On the Design of Ultra-fast Electro-Mechanical Actuators

Abstract: The continuously increasing demand for connecting electric grids with remote renewable energy sources such as wind power and photovoltaic cells has rekindled interest in high voltage direct current (HVDC) multi-terminal networks. Although HVDC networks have numerous benefits, their adoption relies entirely on the availability of HVDC circuit breakers which, compared to traditional alternating current circuit breakers, have to operate in a time frame of milliseconds.This thesis deals with the design of ultra-fast electro-mechanical actuators based on the so-called Thomson coil (TC) actuator. The simulation of a (TC) actuator constitutes a multi-physical problem where electromagnetic, thermal, and mechanical aspects must be considered. Moreover, it is complex since all those variables are co-dependent and have to be solved for simultaneously. As a result, a multi-physics simulation model that can predict the behavior and performance of such actuators with a high degree of accuracy was developed.Furthermore, other actuator concepts were also investigated and modeled in light of searching for a drive with a superior efficiency.
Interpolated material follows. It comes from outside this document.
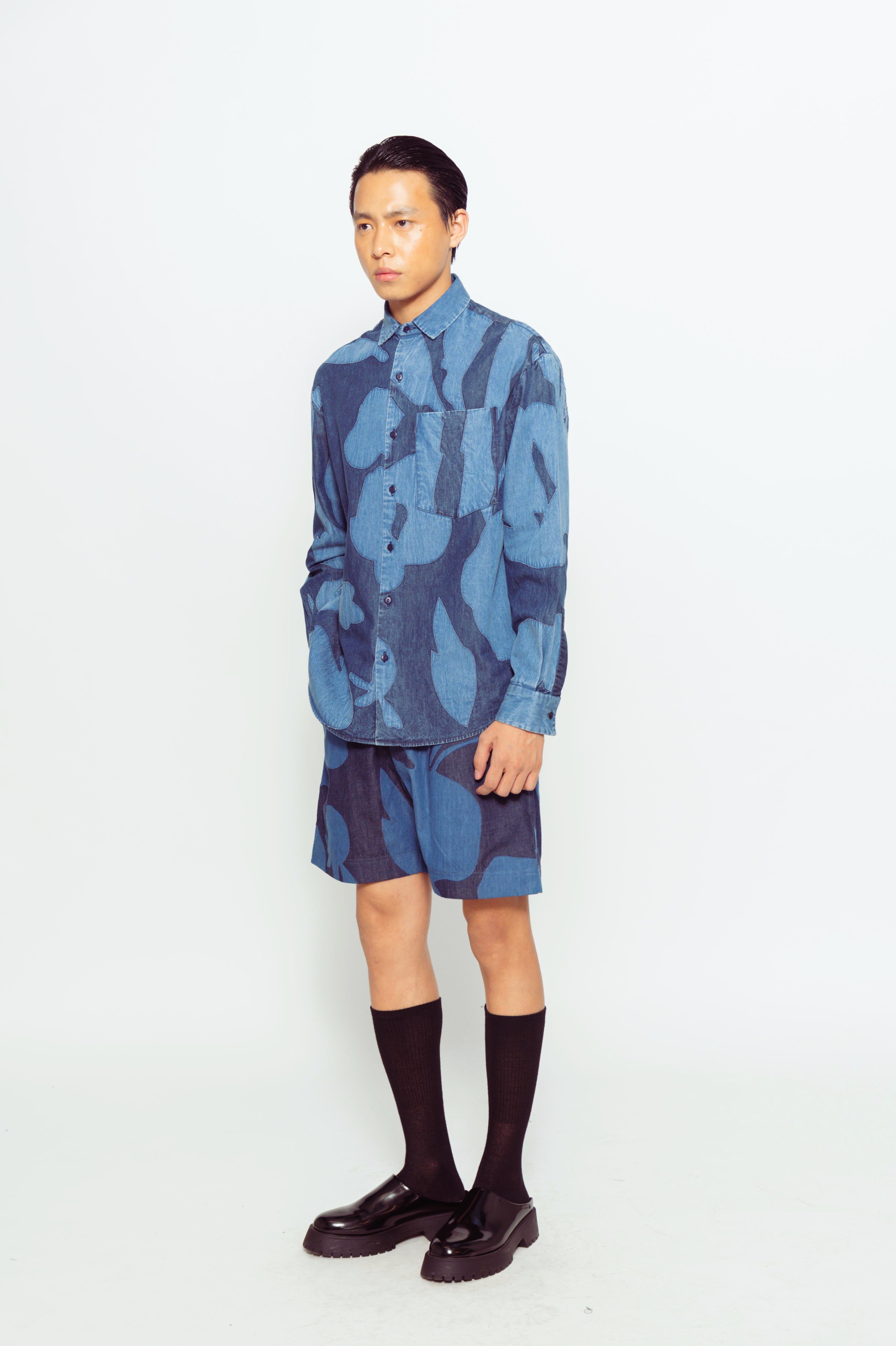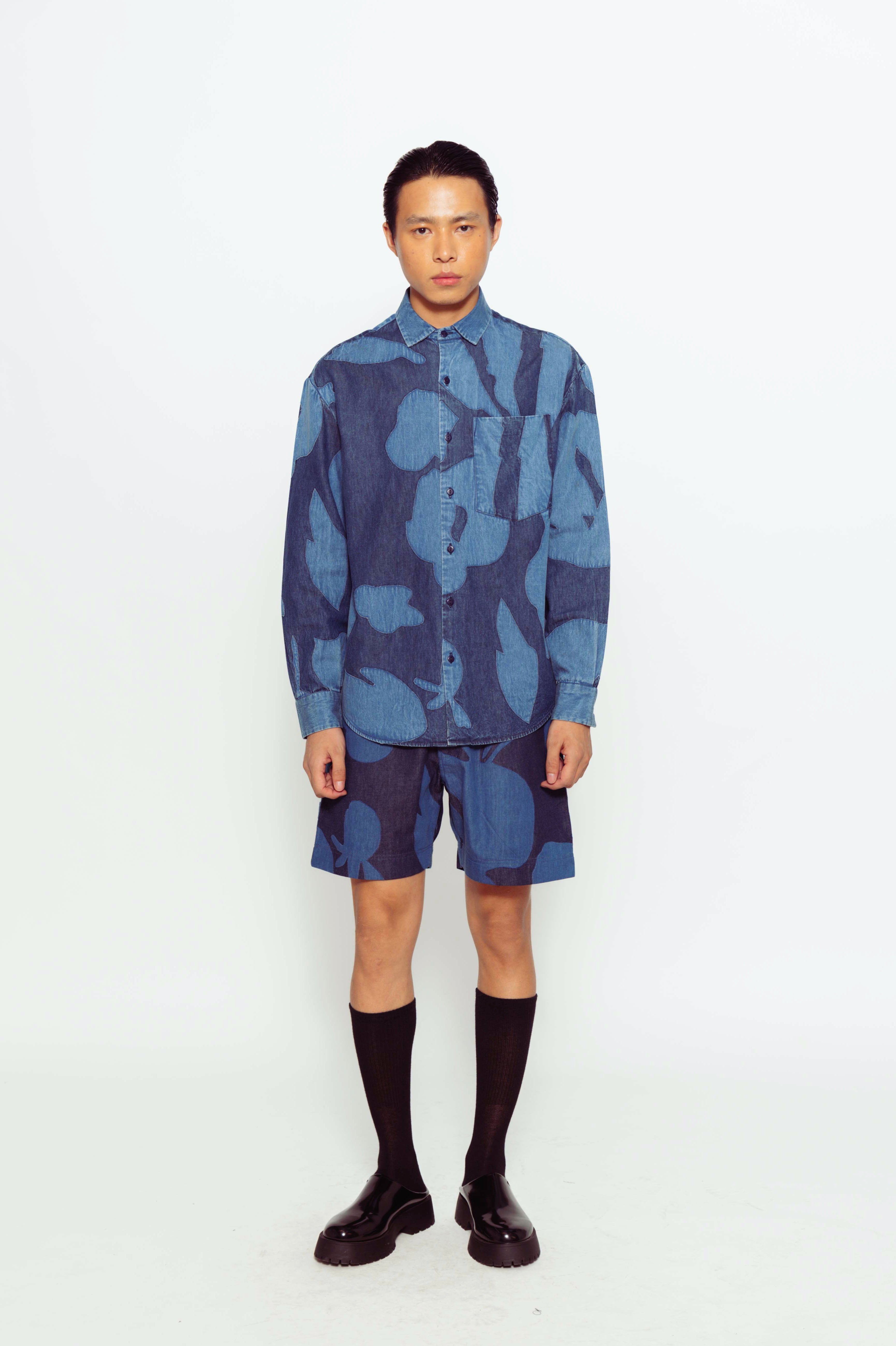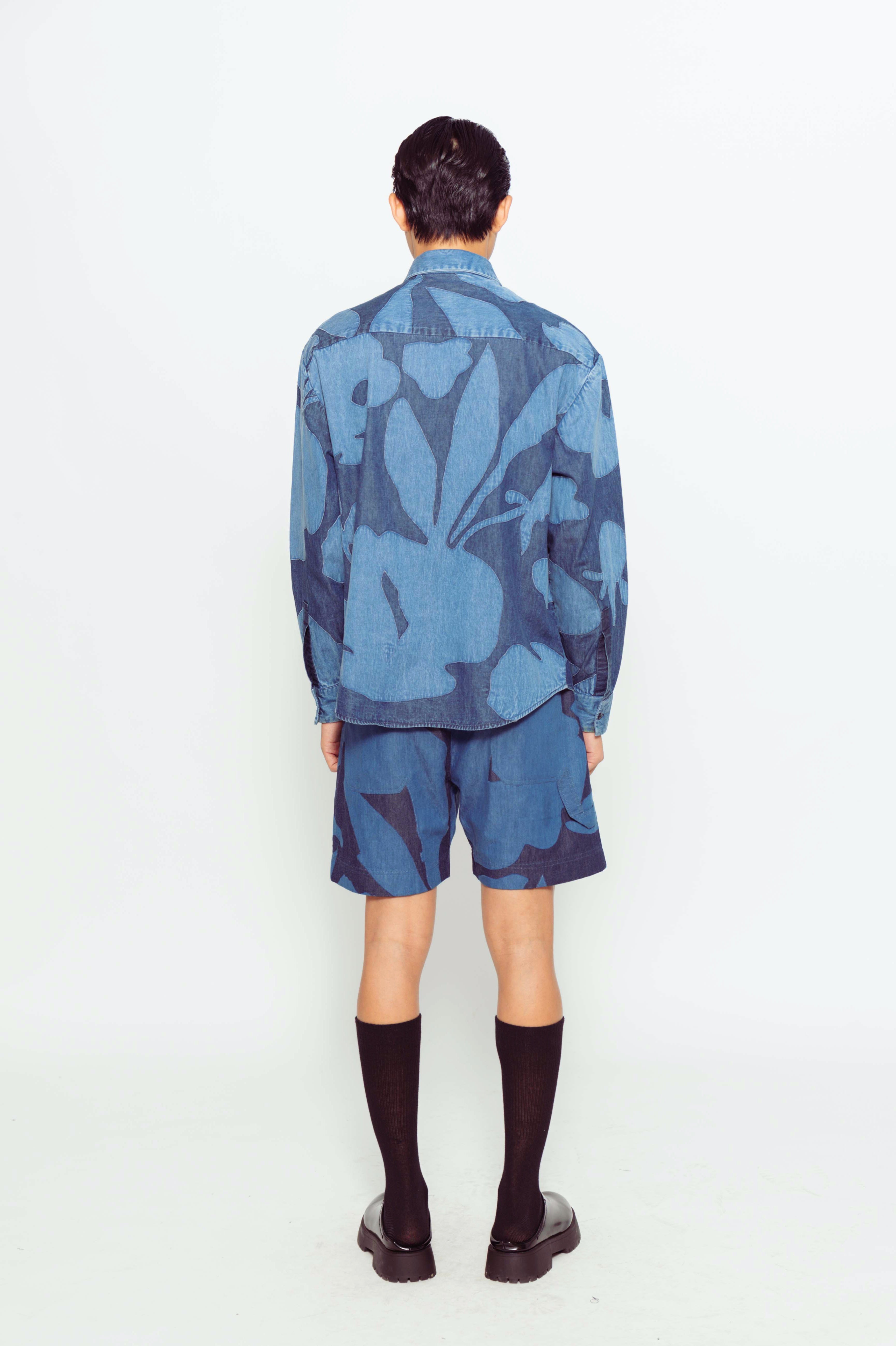 Men’s denim shorts with lighter color floral applique feature subtle, decorative floral patches that contrast with the base denim. The applique adds a unique and stylish element to the casual, relaxed design of the shorts.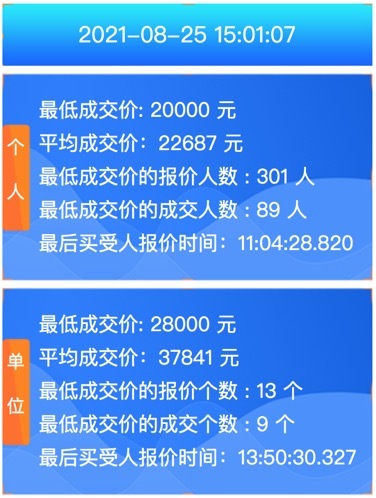 单位车牌方面,最低成交价为20500元,平均成交价为62101元。

The theory behind the force generation principles of two different types of ultra-fast electromechanical actuators, the TC and the double sided coil (DSC), were compared by the use of static, frequency, and comprehensive transient multi-physics finite element simulation models.Although, simulation models serve as a powerful tool for modeling and designing such state of the art actuators, without validation, they are weak and prone to errors since they rely on approximations and simplifications that might not always hold. Therefore, a prototype was built in the laboratory and the model was validated experimentally.Finally, it is important to note that the drives in this thesis are intended to actuate metallic contacts. As such, their behavior and performance upon mechanical loading was studied. Furthermore, some scaling techniques were applied to boost their performance and efficiency.